The question, "can men be feminists?" is one that I have seen a lot of different opinions on and reactions to.  My response to that question is that I think we need a new word.  I think that men acting as feminists parallel in some ways to a white person working for or speaking for black rights.  Men can never be women, they will never experience life from the perspective of a woman, and they will never be subject to the same oppressions or vulnerabilities entailed by womanhood.  I think that men working in favor of feminism are essential to feminists work, but I prefer to call them bridges, not feminists.  I think that Bridges are necessary relationships to open doors (among other things).  For example, in a group where men are dominating the conversation, sometimes it take a man’s voice, someone who the dominators wills see as a peer, saying, "We need to hear from the women," in order to get the conversation to open up.  The reason I think these men should be called bridges and not feminists is because these men still have power.  Some of the most prominent bridges in my life and favorite people are guys who still make mistakes.  These are occasional happenings, but still sexist mistakes that only a man would make.

Up until now, this seems like a simple yes or no question.  But here’s where my brain explodes with questions.  First, I’ve voiced this opinion to some of the bridges in my life, and they’ve felt hurt at being marginalized in the conversation (at least via the title I’ve refused them).  Considering that feminism is about gender constructs and power relations not just women’s rights, this is a legitamate concern.  However, haven’t women been marginalized for… forever??  Isn’t it time that we had a space for women to speak as the primary voices, the go-to people?

The questions continue, and my abilty to see the issue so simply degrades.  I had a counselor in college who is a gay man, and he made the point to me once that he argued that all gay men should be feminists because of the way that the same structures that are used against women are used also against gay men.  The easiest example of this is demasculation of gay men–why is that bad?  It can only be bad because being a woman is bad.  So then where does that leave a gay man–even a masculine gay man?  Not to mention the trans community!  Can a transgender or transsexual man-to-woman or woman-to-man be a feminist then?  I have no idea.  I think gender issues faced by the trans community are very much issues of feminism.  Though, that said, trans people face problems that I as a woman-born-woman will never face.  And I face problems that they may never face.

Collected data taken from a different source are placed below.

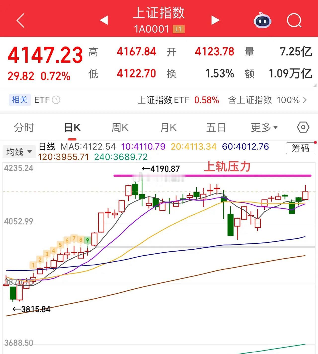 大盘两连阳,涨价题材持续爆发!还能延续? 周三大盘延续反弹走势,不过午后有一波比较明显的回落,说明往上有比较明显的压力,另外就是连续两天个股普涨,短线有获利抛压,所以打到压力位4170,4190附近有回落震荡是正常的。成交量方面有所放大,回到了2.5万亿附近,说明节后资金有在慢慢回流。 技术面看,大的中枢箱体震荡没有改变,往上往下的观点不变,仍以均线得失辨别上下轨的方向。当前还是以震荡市看待比较合适,板块会有轮动表现,所以这两天涨的多的,像涨价题材这类的,可适当落袋,没有涨的,耐心等轮动,做好自己的节奏更重要。 所以,大家也不要觉得大盘涨了两天,手里的个股却没动,就很着急,有时候就是一根阳线的事,这两天涨的都不是前期热点方向,老登股大部分都不是散户去的方向,关键还得看手里的品种是否走势正常,是否结构保持完整。 总之,板块会有轮动,拉长一点时间轴,需要保持一点耐心。 个人观点,仅供参考!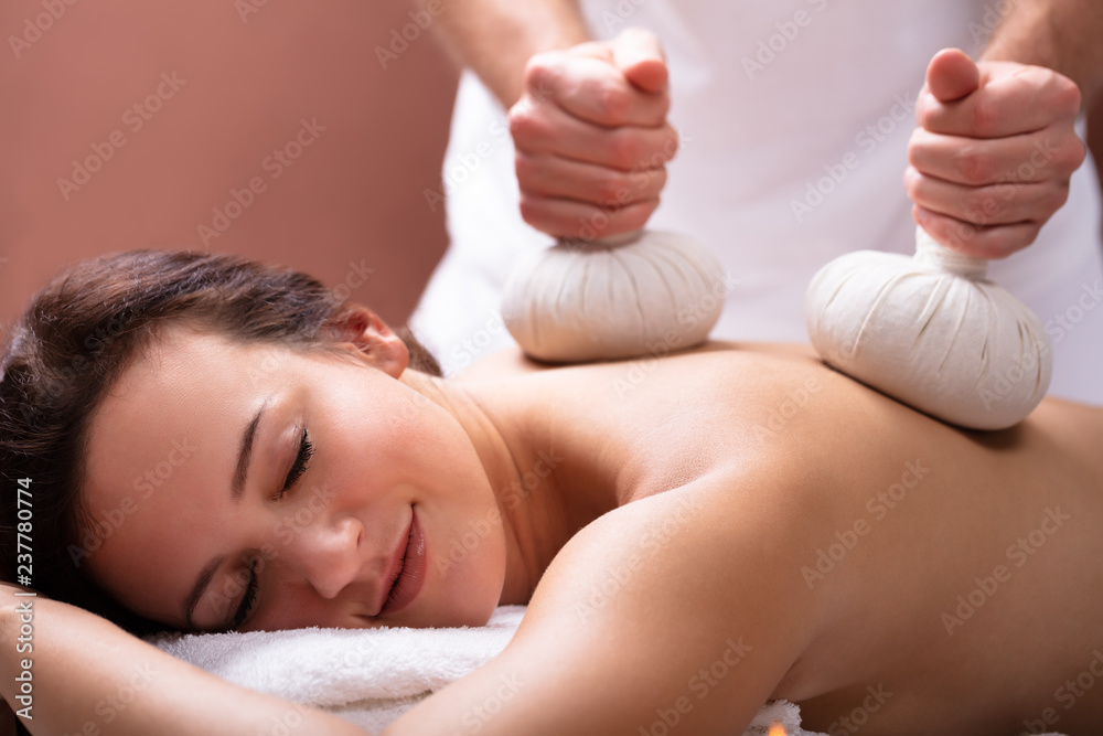 Obraz na plátně Therapist Giving Massage With Herbal Compress Balls To Woman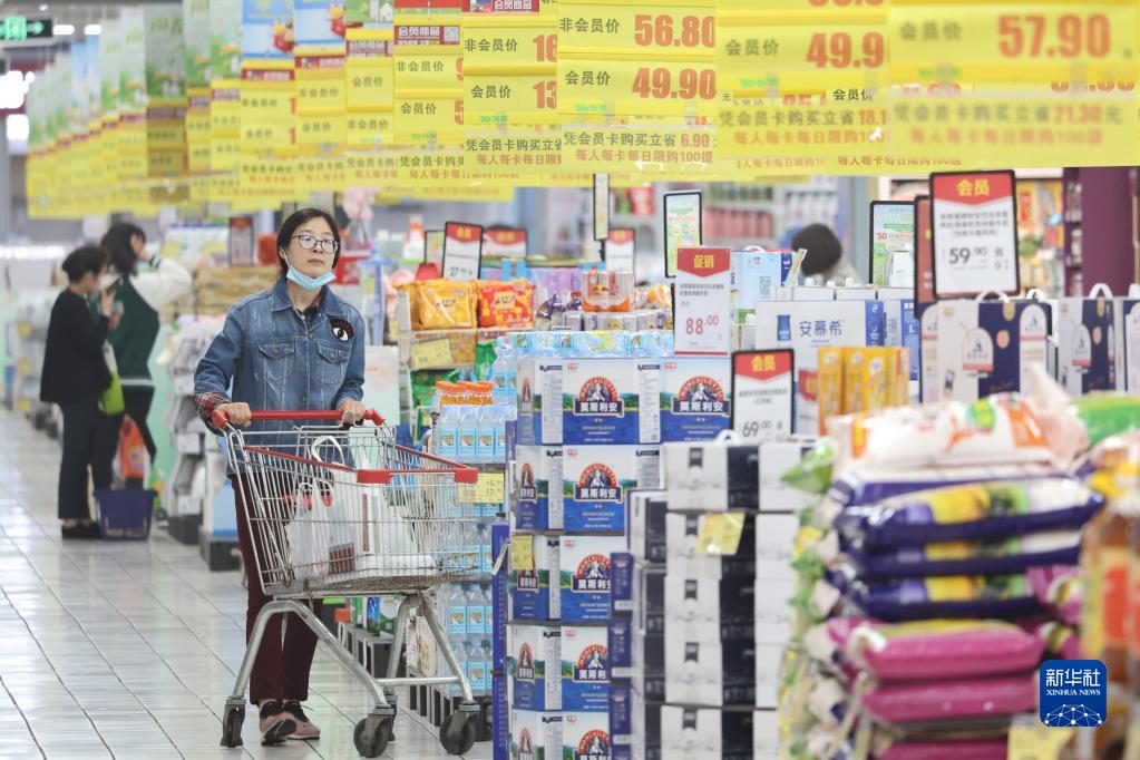 4月11日,消費(fèi)者在南京一家超市選購(gòu)商品。

Then is the solution to say that heterosexual men are bridges, and men who identify sexually as a minority are feminists?  I think I’m confused from all the questions.  I really want to hear what the community thinks on this one.  I think it’s a complicated issue about power and access.

So, what do you think?

[p.s. forgive my lack of knowledge regarding trans terminology.  If one of you can give me some of the vocab surrounding transsexuality/gender, I would really appreciate it.  I’d like to write a post about that later.]